*Records from a data source:*
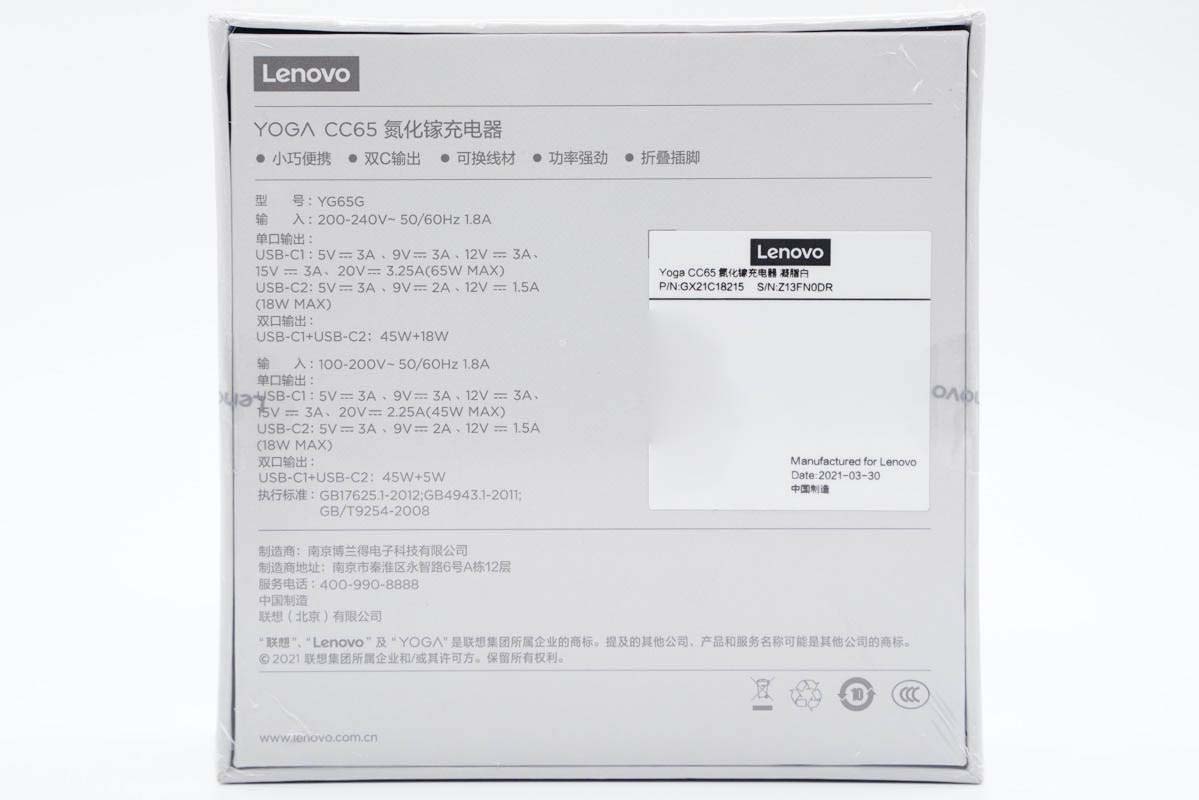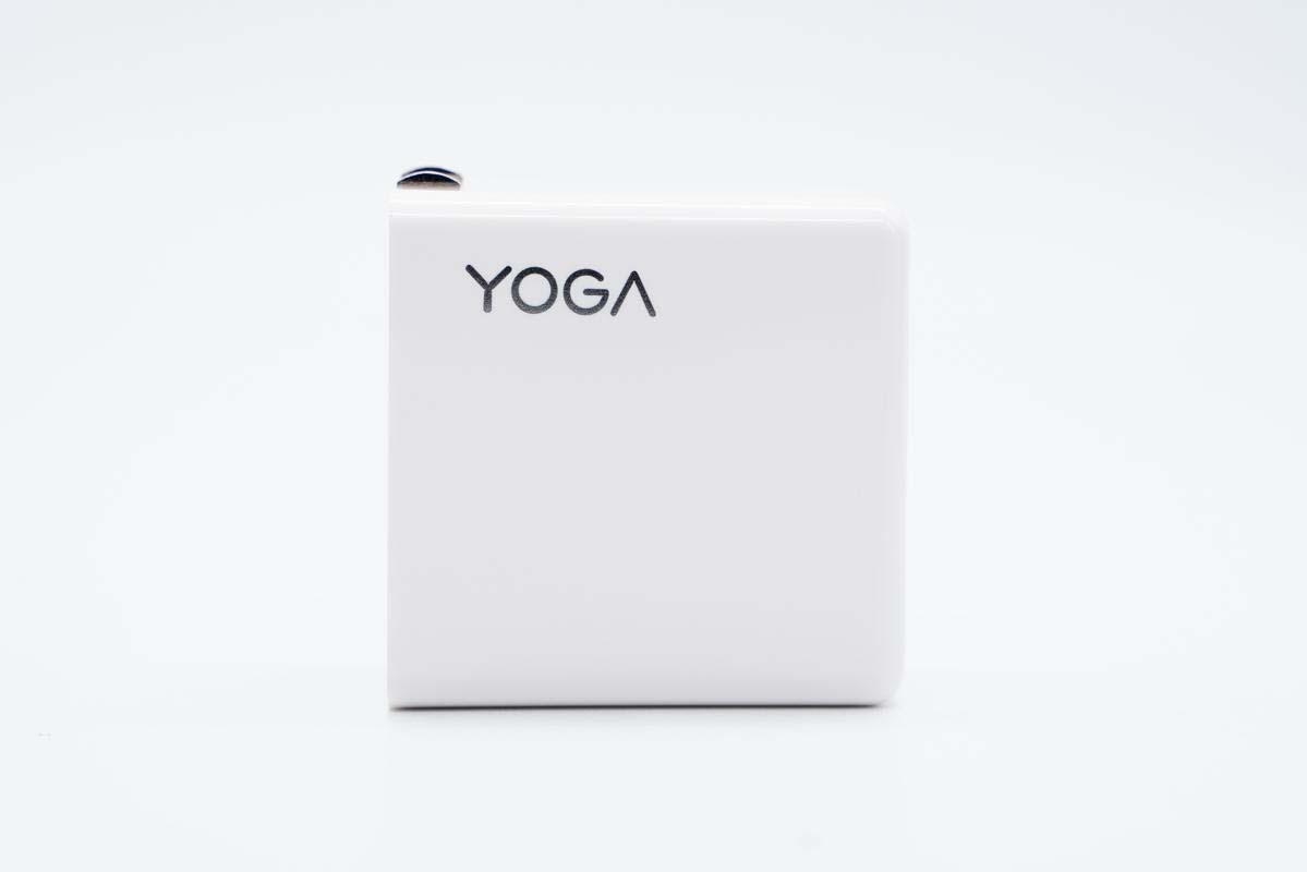 方形包裝盒設計簡約,頂面中心是充電器外觀圖,左上角是YOGA品牌和產品名稱,右下角設有Lenovo品牌。
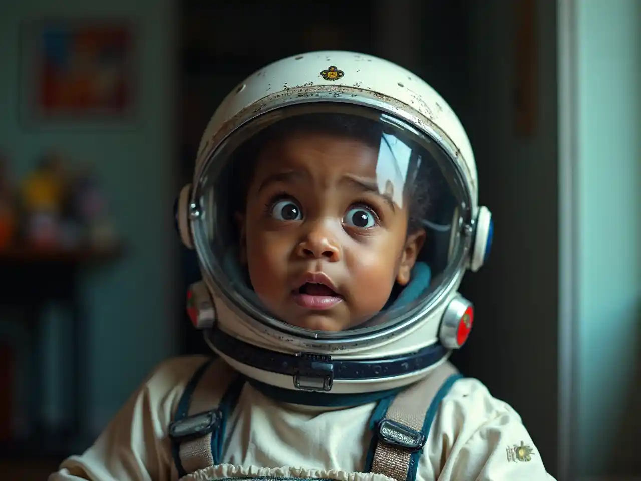 يه بچه با لباس فضايي با يه نگاه شگفت زده روي صورتش، يک کپي توسط استوکي وبستر، در CG Society، Afrofuturism، Sense of Awe، UHD Image، Behance HD
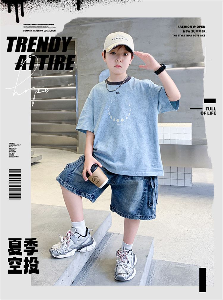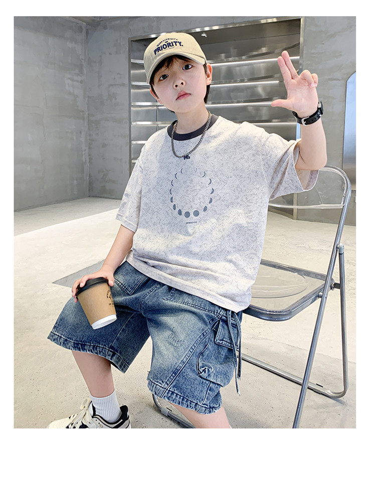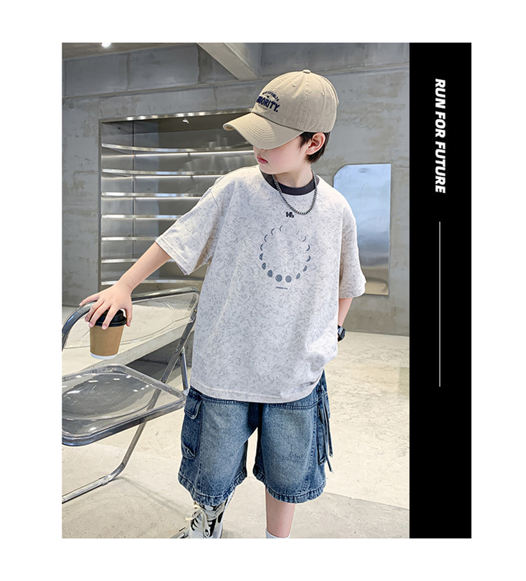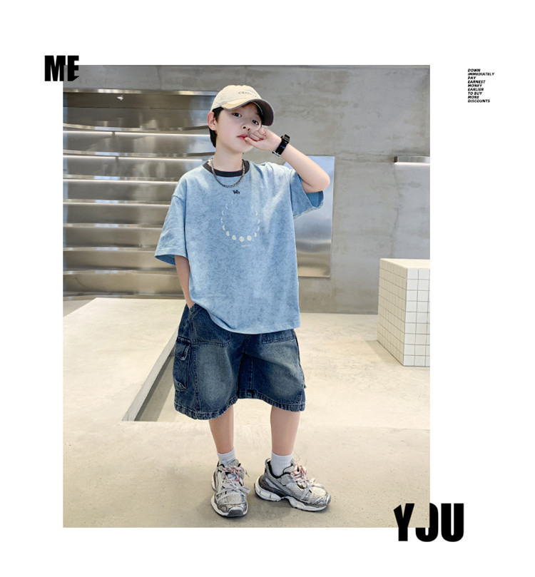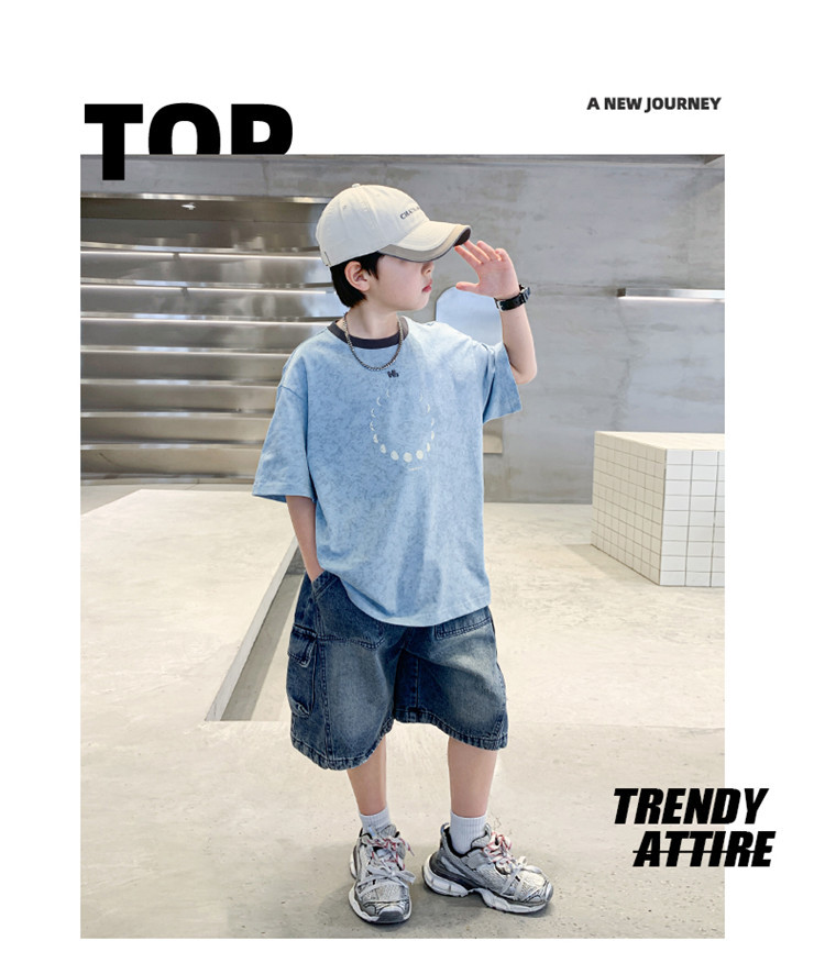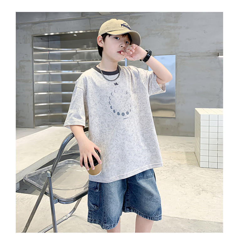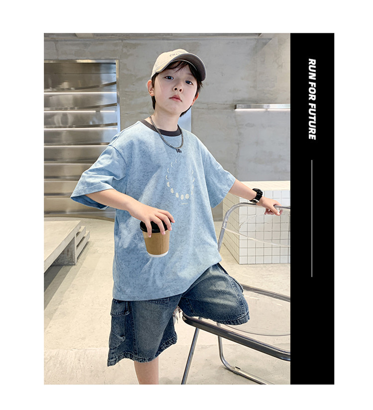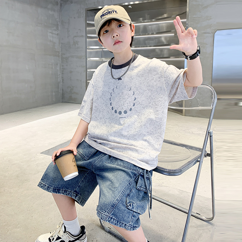 아동 의류 소년 여름 반팔 티셔츠 2025 새로운 스타일 중대형 어린이 여름 소년 여름 잘 생긴 탑 t 도매스토어 가기
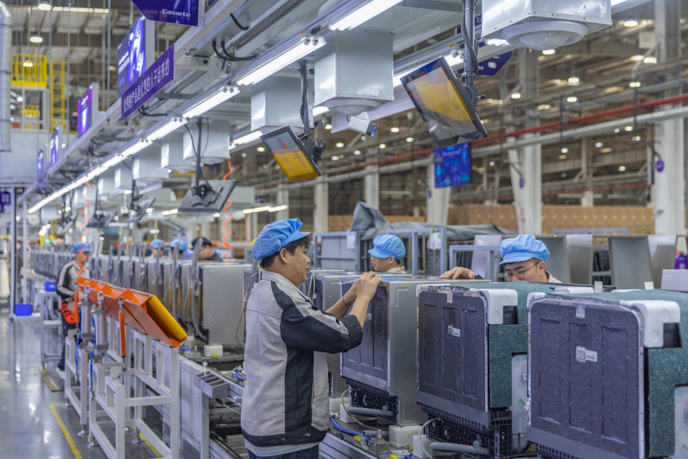 4月9日,在位于重慶市江北區(qū)的重慶海爾洗碗機互聯(lián)工廠,工作人員在生產(chǎn)線上作業(yè)。新華社記者黃偉 攝
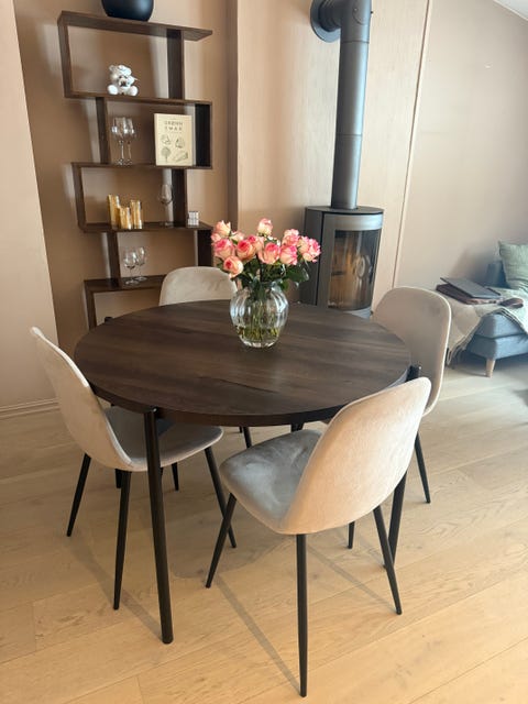 Venture Home spisegruppe rundt bord med 4 stoler brun og svart Nesten ikke brukt
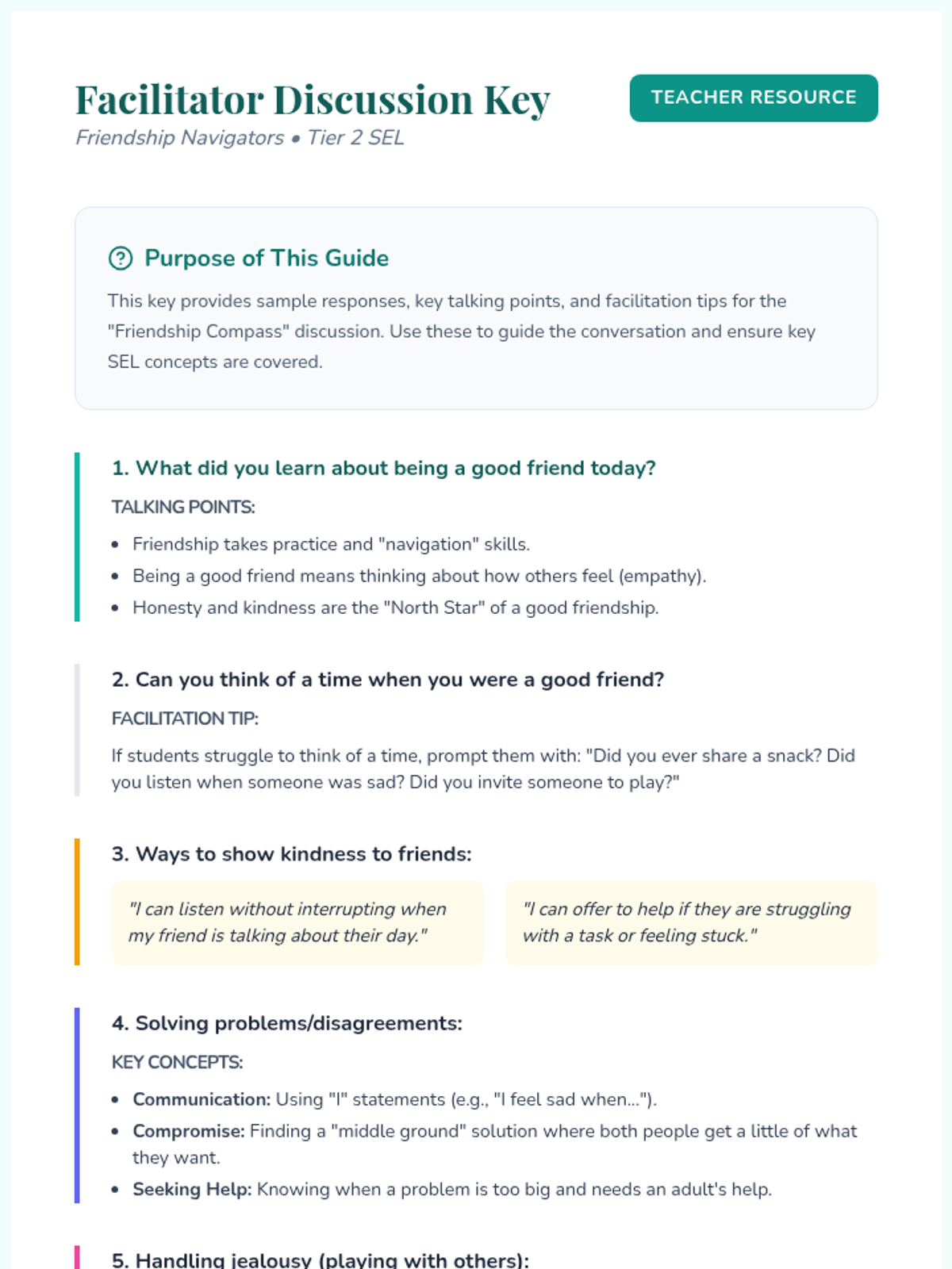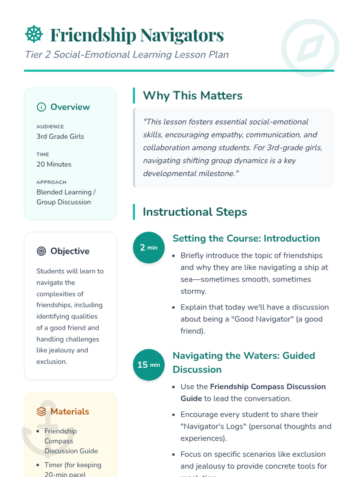 A Tier 2 SEL lesson for 3rd-grade girls focused on navigating friendship dynamics, identifying qualities of a good friend, and handling social challenges like jealousy and exclusion.
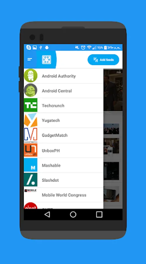 An application that integrates top tech news/blog sites in one app like android authority, android central, gizmodo, yugatech, mashable, slashdot and many more.
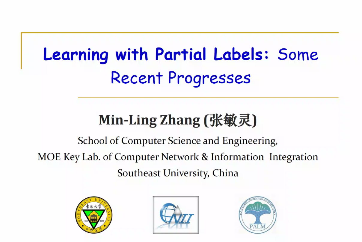张敏灵教授的报告题目是“偏标记学习的研究:最新进展”。张教授首先分析传统强监督学习的缺陷,举例说明包括半监督学习、多标记学习、多实例学习在内的弱监督学习范式。偏标记学习在多媒体内容自动标注、自然语言处理、生态信息学等领域得到成功应用,张教授分析偏标记学习与半监督学习、多标记学习、多实例学习的异同点,指出现阶段偏标记学习的关键问题是标记消歧,基于真实标记辨识策略和候选标记平均策略介绍现阶段一些主要偏标记学习方法,最后给出偏标记学习的相关学术资源。
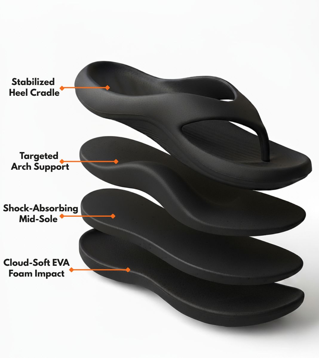 Sootheez Flip Flops go beyond comfort, offering clinical-grade support to ease daily foot pain and fatigue. Perfect for long hours on your feet or chronic foot conditions.
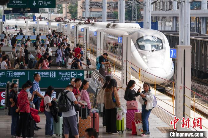 8月31日,云南昆明,列車抵達(dá)昆明站。當(dāng)日,為期62天的中國鐵路暑運(yùn)結(jié)束。中新社記者 劉冉陽 攝
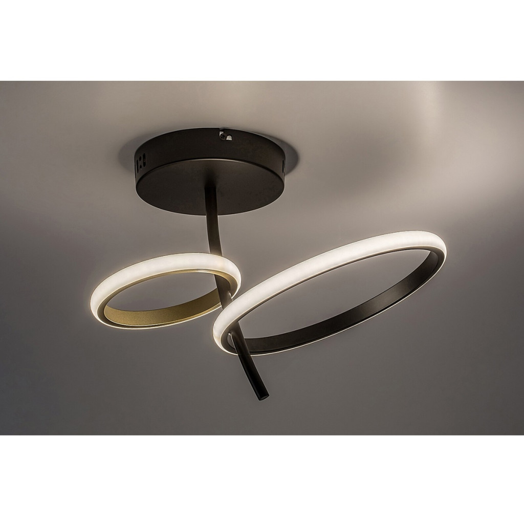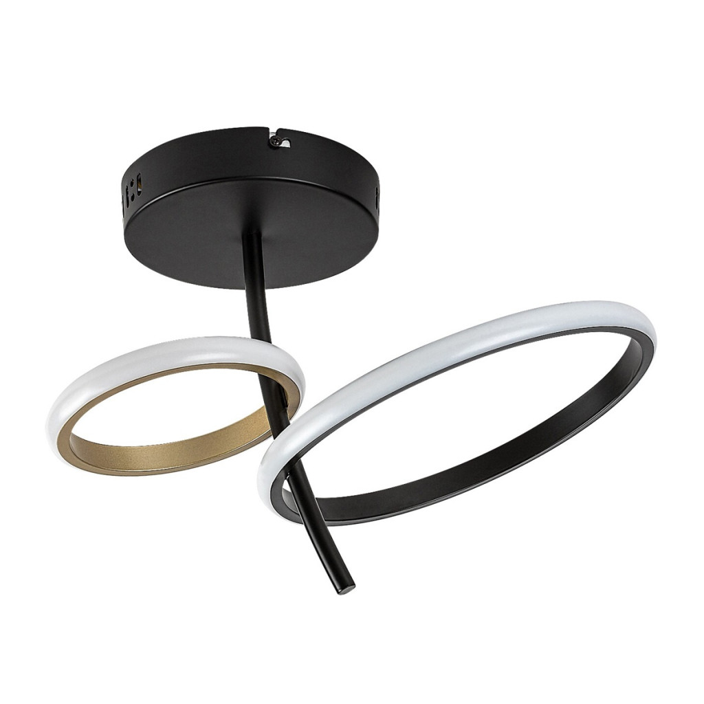 Fekete színű fém vázas mennyezeti lámpa 2 gyűrű alakú, fekete és arany színű fém és fehér szilikon búrával, természetes fehér színhőmérsékletű beépített LED fényforrással.
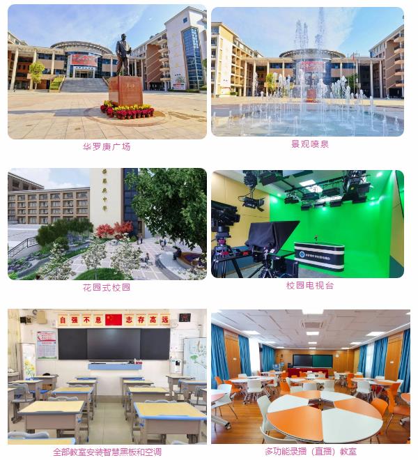 华罗庚中学以“自强不息,志存高远”为校训,以“为学生的一生发展服务”为办学理念,努力落实“向科学管理要质量、向爱岗敬业要质量、向特色办学要质量”的工作思路,落实立德树人根本任务,做有温度有情怀的教育,育有实力有个性的人才。学校先后被评为全国国防教育特色学校、全国心理健康教育示范学校、全国群众体育先进单位、全国消防安全教育示范学校、国家级青少年体育俱乐部、广东省高中教学水平优秀学校、广东省德育示范学校、广东省中华文化传承基地、广东省文明校园等34项国家级、省级荣誉。华罗庚中学正向创建省内一流、全国知名的特色品牌学校奋力前行,呵护每个学子“和谐发展,个性生长”。

*Instructions to follow:* Write out exactly the lines above, from the very first through the line containing "4月9日,在位于重慶市江北區", both kept, with the pictures removed.

*Solution for this problem:*
 方形包裝盒設計簡約,頂面中心是充電器外觀圖,左上角是YOGA品牌和產品名稱,右下角設有Lenovo品牌。
 يه بچه با لباس فضايي با يه نگاه شگفت زده روي صورتش، يک کپي توسط استوکي وبستر، در CG Society، Afrofuturism، Sense of Awe، UHD Image، Behance HD
 아동 의류 소년 여름 반팔 티셔츠 2025 새로운 스타일 중대형 어린이 여름 소년 여름 잘 생긴 탑 t 도매스토어 가기
 4月9日,在位于重慶市江北區(qū)的重慶海爾洗碗機互聯(lián)工廠,工作人員在生產(chǎn)線上作業(yè)。新華社記者黃偉 攝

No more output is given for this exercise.